Media hora más tarde entraba en el bar Las Vegas. El comisario Castro y Arias se hallaban de espaldas, acodados en la barra, esperando.

—Ya era hora… —le espetó el comisario.

—No ha sido un asunto fácil, jefe. Ni agradable.

—¿Y bien…?

—Formalmente se trata de una organización seglar, jefe, pero la influencia del arzobispado es tan grande que en la práctica puede considerarse una orden religiosa. Ideológicamente son fanáticos preconciliares, especialmente en el asunto del celibato y del sacerdocio femenino. Dependen a todos los efectos del seminario menor, que viene a ser más o menos como el buque insignia de la orden. Por otro lado, el liderazgo del padre Santa Olalla es incuestionable. El tipo se encarga personalmente del adoctrinamiento de los acólitos. La mayoría de los internos son chicas de origen latinoamericano, pero también hay algunos chicos. Todos muy jóvenes, sin apenas formación. Viven prácticamente en un régimen de clausura. Según parece, cada uno tiene asignado un mentor y solo les está permitido el contacto con él.

—Una especie de Opus —dedujo Castro.

—No exactamente, pero algo parecido. Son chicas muy jóvenes, casi adolescentes. Ecuatorianas, peruanas, brasileñas, mexicanas… Hasta hay una de la selva amazónica. Mi impresión es que se trata de una orden medio religiosa, medio seglar, como esa de los Legionarios de Cristo o algo por el estilo. Prácticamente las tienen como esclavas. Las reclutan igual que en un casting. Jóvenes, dóciles, muy sonrientes, buena presencia, modales educados. Ya sabe…, la gente sencilla acostumbra a sentirse atraída por la Iglesia.

—Y a la Iglesia le encanta tener poder sobre la gente sencilla —le respondió Castro.

—Muchas de las chicas son prácticamente analfabetas —continuó el subinspector—, aunque también las hay de buena familia. Estas tienen la obligación de donar todos sus bienes a la orden. Desde que entran rompen todo el contacto con el exterior. Solo se les permite llamar a casa una vez al año, por Navidad, y en presencia de un superior. Además están obligadas a no cuestionar ninguna norma y a delatar a cualquiera que se atreva a hacerlo. Órdenes de Santa Olalla. Los castigos físicos son capítulo aparte. No me mire así, jefe, es una de las cosas de las que se quejan las chicas. Menos mal que el agente Zárate no me acompañaba, ya sabe cómo es… —El poli se pasó la mano por el pelo—. Le aseguro que a mí también me costó mantener la calma. Llámeme mente calenturienta si quiere, jefe, pero aquello tiene toda la pinta de ser un harén formado por crías indefensas de fe ciega, regentado por un proxeneta fanático y sin escrúpulos.
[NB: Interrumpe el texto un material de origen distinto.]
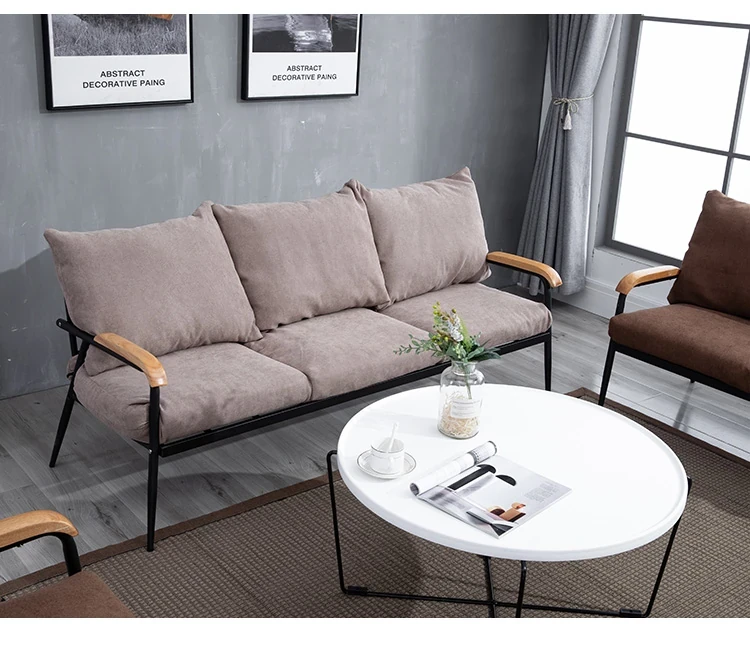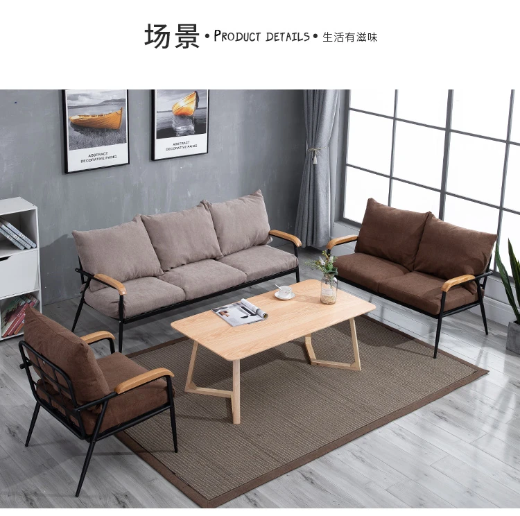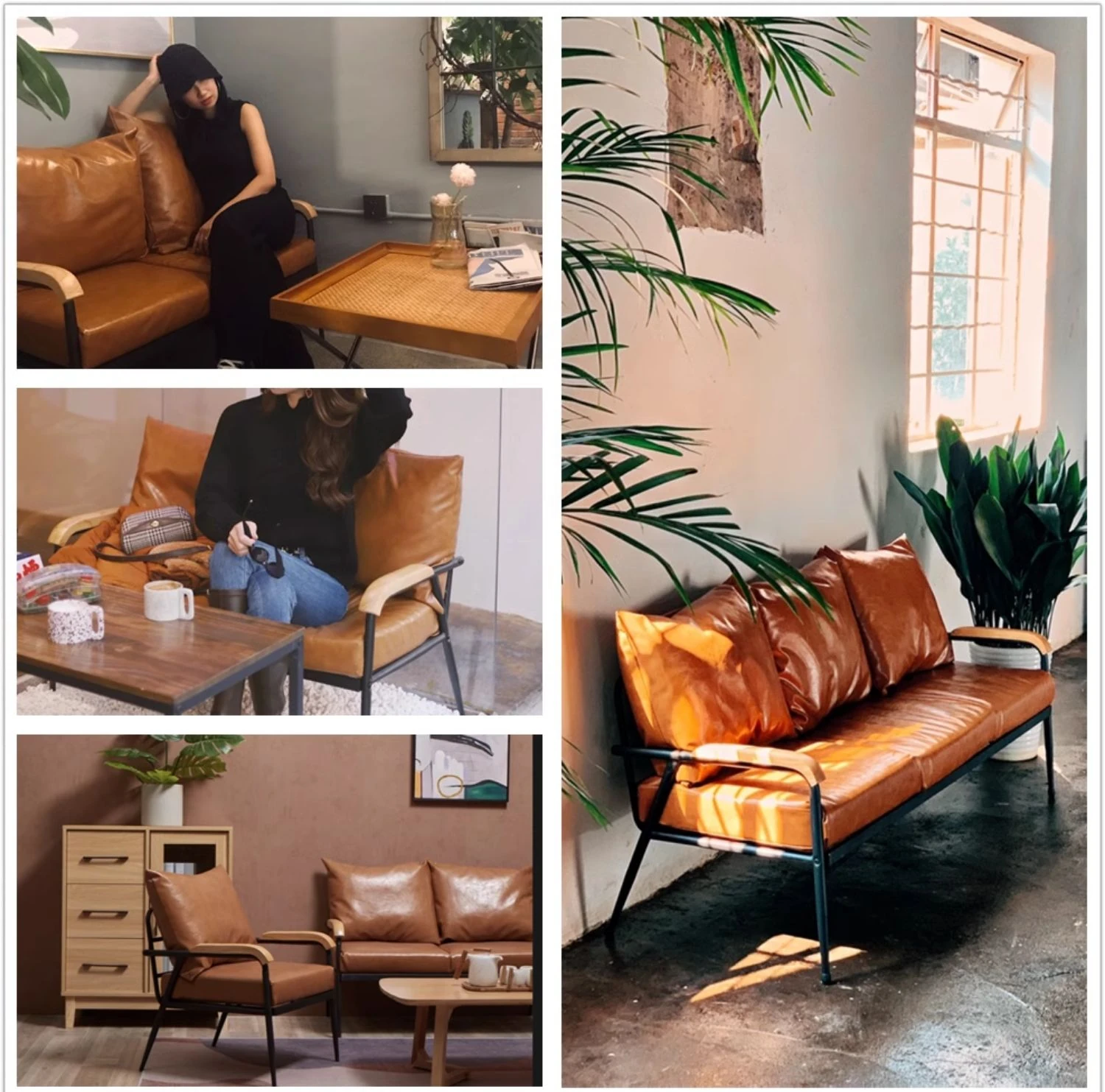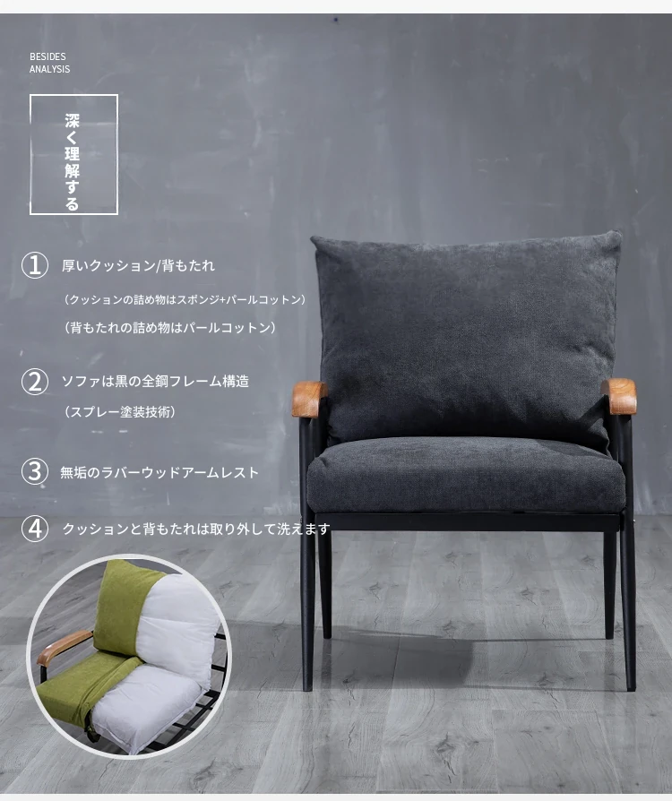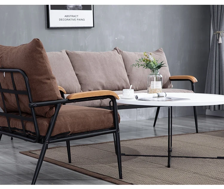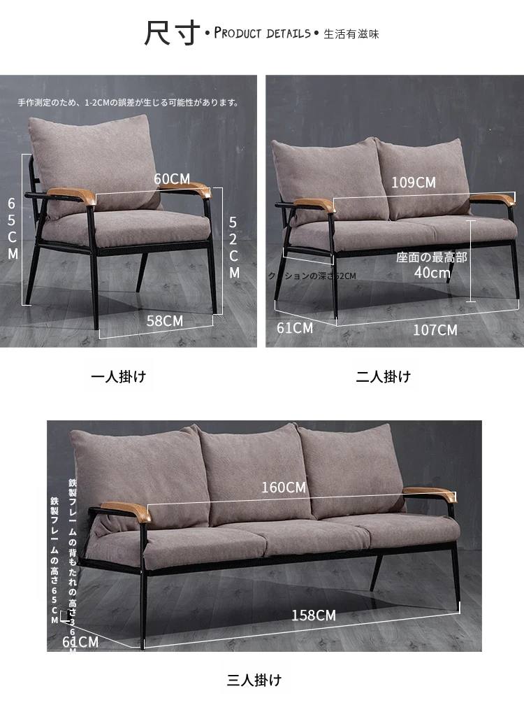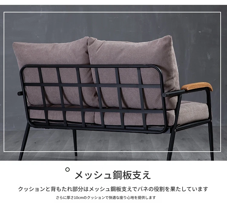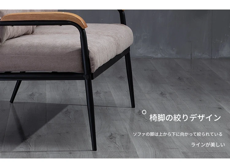 モダンな和風ファブリックソファ|小型リビングにぴったり!2人掛け・3人掛け対応|天然木&アイアンのシンプルデザインでおしゃれな空間を演出するコンビネーション家具!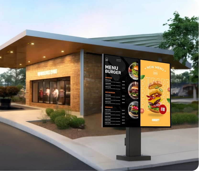 Sunlight-readable outdoor displays, built for drive-thru speed and all-weather uptime.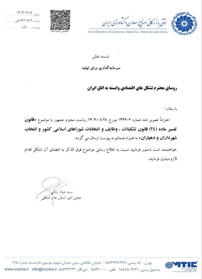 انتشار نسخه فارسی مدل EFQM 2025 به بنگاه های اقتصادیآذر ۱۲, ۱۴۰۴طرح واردات کائو چو از غرب آفریقا در قبال صادرات میلگرد نیجریهآذر ۱۶, ۱۴۰۴ابلاغ قانون تفسیر ماده 24 قانون تشکیلات ، وظایف و انتخابات شوراهای اسلامی کشور و انتخاب شهرداران و دهیاران آذر ۱۶, ۱۴۰۴ کلیک کنیداشتراکمطالب مرتبطدی ۷, ۱۴۰۴تقویم نمایشگاهی کشور برزیل در سال 2026 (1404-1405)اطلاعات بیشتردی ۷, ۱۴۰۴دوره آموزشی مجازی «تربیت ممیزان داخلی مدیریت کربن براساس 14064 ISO و 14067 ISO »اطلاعات بیشتردی ۷, ۱۴۰۴مزایده درخصوص پرونده کثیرالشاکی موسوم به خودروسازی آذویکواطلاعات بیشتر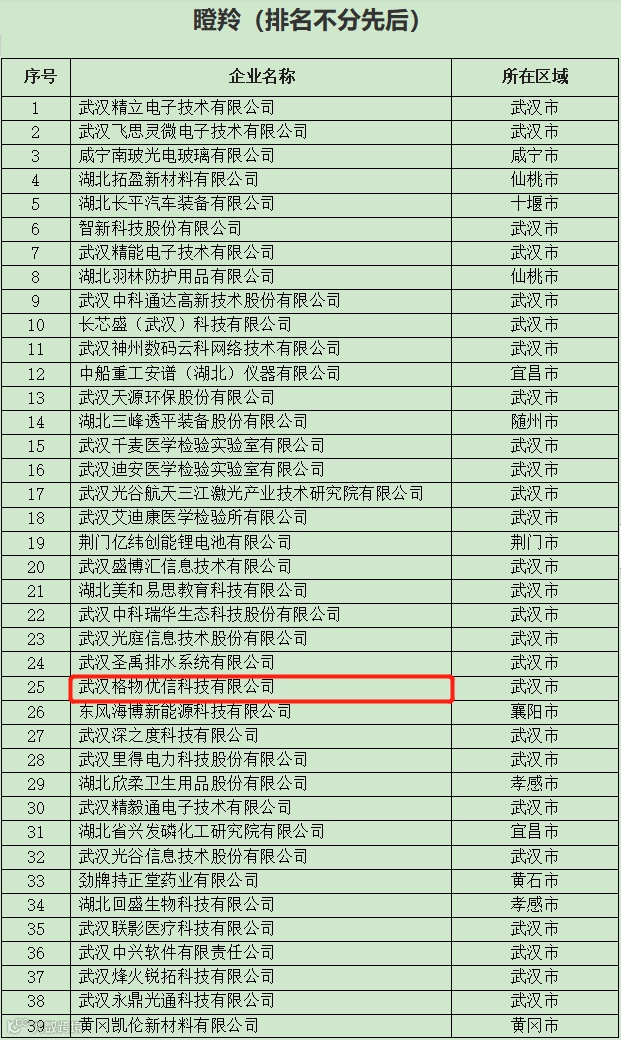 第一批拟入库湖北省科创“新物种”企业名单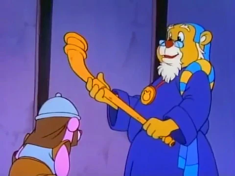 Er schlägt Cubbi ob seines mutigen EInsatzes gegen eine Bande von Ungeheuern für einen Tag zum Ritter von Gummadoon.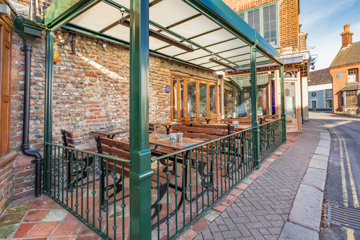 After 25 years of serving you al fresco, we’ve given our outside area a well-deserved upgrade. We have six covered outdoor tables, now ready for use all year round thanks to infra-red heating for warmth, retractable blinds for when the weather turns, and shading for those sunny days. It’s a cosy, comfortable space whatever the season — and it's dog-friendly too!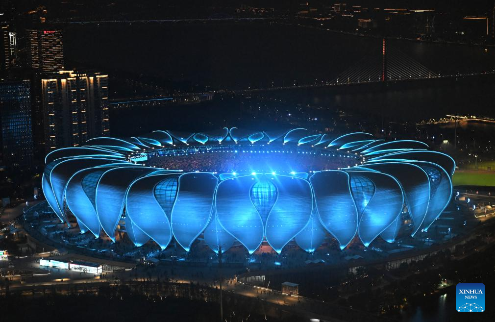 This photo taken on Oct. 8, 2023 shows a view of the Hangzhou Olympic Sports Center Stadium before the closing ceremony of the 19th Asian Games in Hangzhou, east China's Zhejiang Province. (Xinhua/Meng Chenguang)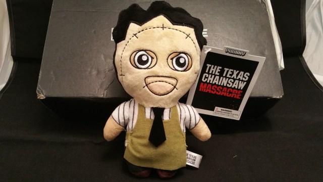 A Leatherface plushie! It’s the cute horror line from Kid Robot. They also made the face sucker from Aliens that was in a previous crate.
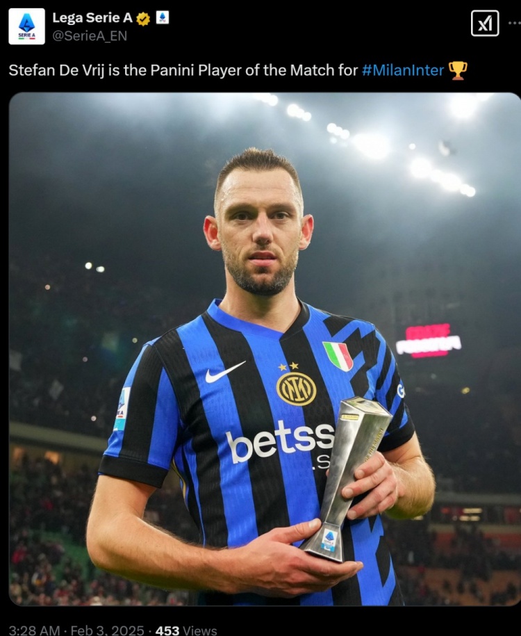 打进绝平球!意甲官方:德弗里当选国米1-1米兰全场最佳球员 2月3日讯 刚刚结束的米兰德比中,国米1-1绝平米兰。赛后,打入绝平进球的德弗里当选全场最佳球员。本场比赛中,德弗里2次射门1次射正便打进1球,他1次过人成功,传球成功率高达95.9%。在防守端,德弗 2025/02/03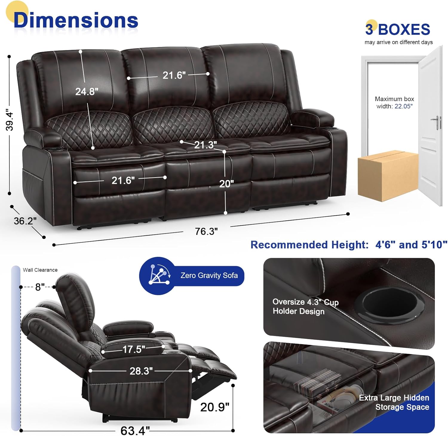- Versatile Middle Seat: Inspired by the practicality of coffee and sofa tables, the middle seat of this recliner sofa is designed to maximize functionality. You can comfortably work on your laptop or enjoy a meal without an extra table. It also features a spacious hidden storage compartment for larger items like wine bottles, with a seat that lifts easily to meet all your needs.

Castro se acarició el mentón pensativo. Le tenía ganas al diácono, pero no quería precipitarse otra vez.

—¿Crees que podríamos contar con algún testimonio ante un tribunal?

—Ya le he dicho que esas chicas están aterrorizadas. Basta con que alguien les tienda una mano y lo soltarán todo.

Castro resopló con la cabeza baja, como un toro a punto de embestir. ¿Habría tenido algo que ver Patricia Pálmer con esa secta?

El caso estaba llegando a su punto más delicado. Ese momento en que todo policía tiene que decidir entre aguantar la investigación en secreto, ocultando sus cartas con la esperanza de llegar más lejos, o intervenir ya, alertando al objetivo. Castro se debatía en ese dilema. Que Santa Olalla tuviera una coartada sólida como una roca lo eximía de la acusación de asesinato, pero desde luego no significaba que fuera un corderillo inocente. Con aquello tenía motivos suficientes para detenerlo y someterlo a un interrogatorio en toda regla. Sin embargo, su instinto de cazador le decía que la situación todavía no estaba suficientemente madura para practicar detenciones. Aspiraba a poder cazar la liebre durmiendo en el erial, aunque conocía todos los riesgos que implicaba la espera. O casi todos.

En honor a la verdad hay que decir que entre las peores hipótesis que barajaba el comisario no estaba la de encontrarse con otra muerte más.